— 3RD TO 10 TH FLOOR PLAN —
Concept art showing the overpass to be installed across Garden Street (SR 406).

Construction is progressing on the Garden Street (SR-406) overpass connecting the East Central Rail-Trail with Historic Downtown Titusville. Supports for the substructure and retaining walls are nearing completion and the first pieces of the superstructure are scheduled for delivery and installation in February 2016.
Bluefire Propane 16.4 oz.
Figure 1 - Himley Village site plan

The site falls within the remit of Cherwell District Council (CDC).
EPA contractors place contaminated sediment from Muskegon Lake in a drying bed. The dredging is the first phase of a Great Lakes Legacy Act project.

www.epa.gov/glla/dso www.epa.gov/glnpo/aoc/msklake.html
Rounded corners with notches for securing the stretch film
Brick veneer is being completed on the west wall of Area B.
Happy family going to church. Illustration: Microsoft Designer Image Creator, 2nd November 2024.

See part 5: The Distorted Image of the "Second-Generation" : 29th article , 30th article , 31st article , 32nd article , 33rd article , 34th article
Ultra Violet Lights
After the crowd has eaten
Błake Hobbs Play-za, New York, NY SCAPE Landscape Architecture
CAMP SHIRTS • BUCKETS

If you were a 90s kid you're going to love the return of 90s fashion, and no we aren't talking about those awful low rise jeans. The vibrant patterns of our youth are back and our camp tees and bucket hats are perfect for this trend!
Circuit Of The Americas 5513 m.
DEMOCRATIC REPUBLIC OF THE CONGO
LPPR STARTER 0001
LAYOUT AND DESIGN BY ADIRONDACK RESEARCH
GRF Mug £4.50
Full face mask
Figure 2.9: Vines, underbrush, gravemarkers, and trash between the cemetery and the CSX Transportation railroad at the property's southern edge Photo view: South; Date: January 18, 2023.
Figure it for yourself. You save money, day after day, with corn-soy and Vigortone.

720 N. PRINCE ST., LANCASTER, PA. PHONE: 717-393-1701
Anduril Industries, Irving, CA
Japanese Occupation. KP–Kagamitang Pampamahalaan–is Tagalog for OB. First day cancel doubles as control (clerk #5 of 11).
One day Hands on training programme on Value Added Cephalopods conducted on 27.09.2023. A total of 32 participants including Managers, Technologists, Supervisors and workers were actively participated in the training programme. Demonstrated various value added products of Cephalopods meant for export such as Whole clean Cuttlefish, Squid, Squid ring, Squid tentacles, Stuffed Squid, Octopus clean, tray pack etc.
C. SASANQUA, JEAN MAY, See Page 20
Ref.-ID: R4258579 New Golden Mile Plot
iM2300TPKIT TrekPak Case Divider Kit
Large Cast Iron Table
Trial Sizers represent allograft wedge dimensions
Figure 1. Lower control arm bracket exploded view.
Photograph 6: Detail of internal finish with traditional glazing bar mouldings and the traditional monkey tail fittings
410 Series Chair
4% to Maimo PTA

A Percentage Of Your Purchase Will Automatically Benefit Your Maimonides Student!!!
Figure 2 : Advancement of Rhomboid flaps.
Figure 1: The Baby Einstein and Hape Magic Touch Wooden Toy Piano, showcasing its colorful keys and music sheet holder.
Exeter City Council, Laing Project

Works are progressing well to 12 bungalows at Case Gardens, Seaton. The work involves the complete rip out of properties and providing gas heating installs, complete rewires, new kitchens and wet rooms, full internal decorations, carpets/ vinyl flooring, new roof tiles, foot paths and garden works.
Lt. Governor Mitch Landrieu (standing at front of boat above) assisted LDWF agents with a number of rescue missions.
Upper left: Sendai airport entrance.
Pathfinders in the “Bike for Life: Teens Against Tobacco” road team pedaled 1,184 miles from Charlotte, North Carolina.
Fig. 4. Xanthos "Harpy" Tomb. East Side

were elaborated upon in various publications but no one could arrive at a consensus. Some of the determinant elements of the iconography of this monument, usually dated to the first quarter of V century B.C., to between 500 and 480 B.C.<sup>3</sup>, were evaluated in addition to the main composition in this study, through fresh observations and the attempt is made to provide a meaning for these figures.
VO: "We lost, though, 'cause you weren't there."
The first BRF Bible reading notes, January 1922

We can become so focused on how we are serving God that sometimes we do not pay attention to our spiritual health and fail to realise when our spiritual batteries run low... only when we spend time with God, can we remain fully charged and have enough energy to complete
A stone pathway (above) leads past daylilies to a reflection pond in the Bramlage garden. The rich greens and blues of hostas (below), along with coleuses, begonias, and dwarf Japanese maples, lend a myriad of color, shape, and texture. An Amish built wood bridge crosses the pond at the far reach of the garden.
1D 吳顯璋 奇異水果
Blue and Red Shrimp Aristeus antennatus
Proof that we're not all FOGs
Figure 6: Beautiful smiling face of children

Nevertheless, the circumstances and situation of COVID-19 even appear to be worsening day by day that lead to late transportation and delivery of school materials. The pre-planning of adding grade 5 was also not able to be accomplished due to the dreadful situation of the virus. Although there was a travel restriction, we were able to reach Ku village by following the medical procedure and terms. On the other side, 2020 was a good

::::::::

• ACTION ITEM: Copy all of the data. Keep every word exactly as it is.

• ANSWER TO THIS PROBLEM:
— 3RD TO 10 TH FLOOR PLAN —
Concept art showing the overpass to be installed across Garden Street (SR 406).

Construction is progressing on the Garden Street (SR-406) overpass connecting the East Central Rail-Trail with Historic Downtown Titusville. Supports for the substructure and retaining walls are nearing completion and the first pieces of the superstructure are scheduled for delivery and installation in February 2016.
Bluefire Propane 16.4 oz.
Figure 1 - Himley Village site plan

The site falls within the remit of Cherwell District Council (CDC).
EPA contractors place contaminated sediment from Muskegon Lake in a drying bed. The dredging is the first phase of a Great Lakes Legacy Act project.

www.epa.gov/glla/dso www.epa.gov/glnpo/aoc/msklake.html
Rounded corners with notches for securing the stretch film
Brick veneer is being completed on the west wall of Area B.
Happy family going to church. Illustration: Microsoft Designer Image Creator, 2nd November 2024.

See part 5: The Distorted Image of the "Second-Generation" : 29th article , 30th article , 31st article , 32nd article , 33rd article , 34th article
Ultra Violet Lights
After the crowd has eaten
Błake Hobbs Play-za, New York, NY SCAPE Landscape Architecture
CAMP SHIRTS • BUCKETS

If you were a 90s kid you're going to love the return of 90s fashion, and no we aren't talking about those awful low rise jeans. The vibrant patterns of our youth are back and our camp tees and bucket hats are perfect for this trend!
Circuit Of The Americas 5513 m.
DEMOCRATIC REPUBLIC OF THE CONGO
LPPR STARTER 0001
LAYOUT AND DESIGN BY ADIRONDACK RESEARCH
GRF Mug £4.50
Full face mask
Figure 2.9: Vines, underbrush, gravemarkers, and trash between the cemetery and the CSX Transportation railroad at the property's southern edge Photo view: South; Date: January 18, 2023.
Figure it for yourself. You save money, day after day, with corn-soy and Vigortone.

720 N. PRINCE ST., LANCASTER, PA. PHONE: 717-393-1701
Anduril Industries, Irving, CA
Japanese Occupation. KP–Kagamitang Pampamahalaan–is Tagalog for OB. First day cancel doubles as control (clerk #5 of 11).
One day Hands on training programme on Value Added Cephalopods conducted on 27.09.2023. A total of 32 participants including Managers, Technologists, Supervisors and workers were actively participated in the training programme. Demonstrated various value added products of Cephalopods meant for export such as Whole clean Cuttlefish, Squid, Squid ring, Squid tentacles, Stuffed Squid, Octopus clean, tray pack etc.
C. SASANQUA, JEAN MAY, See Page 20
Ref.-ID: R4258579 New Golden Mile Plot
iM2300TPKIT TrekPak Case Divider Kit
Large Cast Iron Table
Trial Sizers represent allograft wedge dimensions
Figure 1. Lower control arm bracket exploded view.
Photograph 6: Detail of internal finish with traditional glazing bar mouldings and the traditional monkey tail fittings
410 Series Chair
4% to Maimo PTA

A Percentage Of Your Purchase Will Automatically Benefit Your Maimonides Student!!!
Figure 2 : Advancement of Rhomboid flaps.
Figure 1: The Baby Einstein and Hape Magic Touch Wooden Toy Piano, showcasing its colorful keys and music sheet holder.
Exeter City Council, Laing Project

Works are progressing well to 12 bungalows at Case Gardens, Seaton. The work involves the complete rip out of properties and providing gas heating installs, complete rewires, new kitchens and wet rooms, full internal decorations, carpets/ vinyl flooring, new roof tiles, foot paths and garden works.
Lt. Governor Mitch Landrieu (standing at front of boat above) assisted LDWF agents with a number of rescue missions.
Upper left: Sendai airport entrance.
Pathfinders in the “Bike for Life: Teens Against Tobacco” road team pedaled 1,184 miles from Charlotte, North Carolina.
Fig. 4. Xanthos "Harpy" Tomb. East Side

were elaborated upon in various publications but no one could arrive at a consensus. Some of the determinant elements of the iconography of this monument, usually dated to the first quarter of V century B.C., to between 500 and 480 B.C.<sup>3</sup>, were evaluated in addition to the main composition in this study, through fresh observations and the attempt is made to provide a meaning for these figures.
VO: "We lost, though, 'cause you weren't there."
The first BRF Bible reading notes, January 1922

We can become so focused on how we are serving God that sometimes we do not pay attention to our spiritual health and fail to realise when our spiritual batteries run low... only when we spend time with God, can we remain fully charged and have enough energy to complete
A stone pathway (above) leads past daylilies to a reflection pond in the Bramlage garden. The rich greens and blues of hostas (below), along with coleuses, begonias, and dwarf Japanese maples, lend a myriad of color, shape, and texture. An Amish built wood bridge crosses the pond at the far reach of the garden.
1D 吳顯璋 奇異水果
Blue and Red Shrimp Aristeus antennatus
Proof that we're not all FOGs
Figure 6: Beautiful smiling face of children

Nevertheless, the circumstances and situation of COVID-19 even appear to be worsening day by day that lead to late transportation and delivery of school materials. The pre-planning of adding grade 5 was also not able to be accomplished due to the dreadful situation of the virus. Although there was a travel restriction, we were able to reach Ku village by following the medical procedure and terms. On the other side, 2020 was a good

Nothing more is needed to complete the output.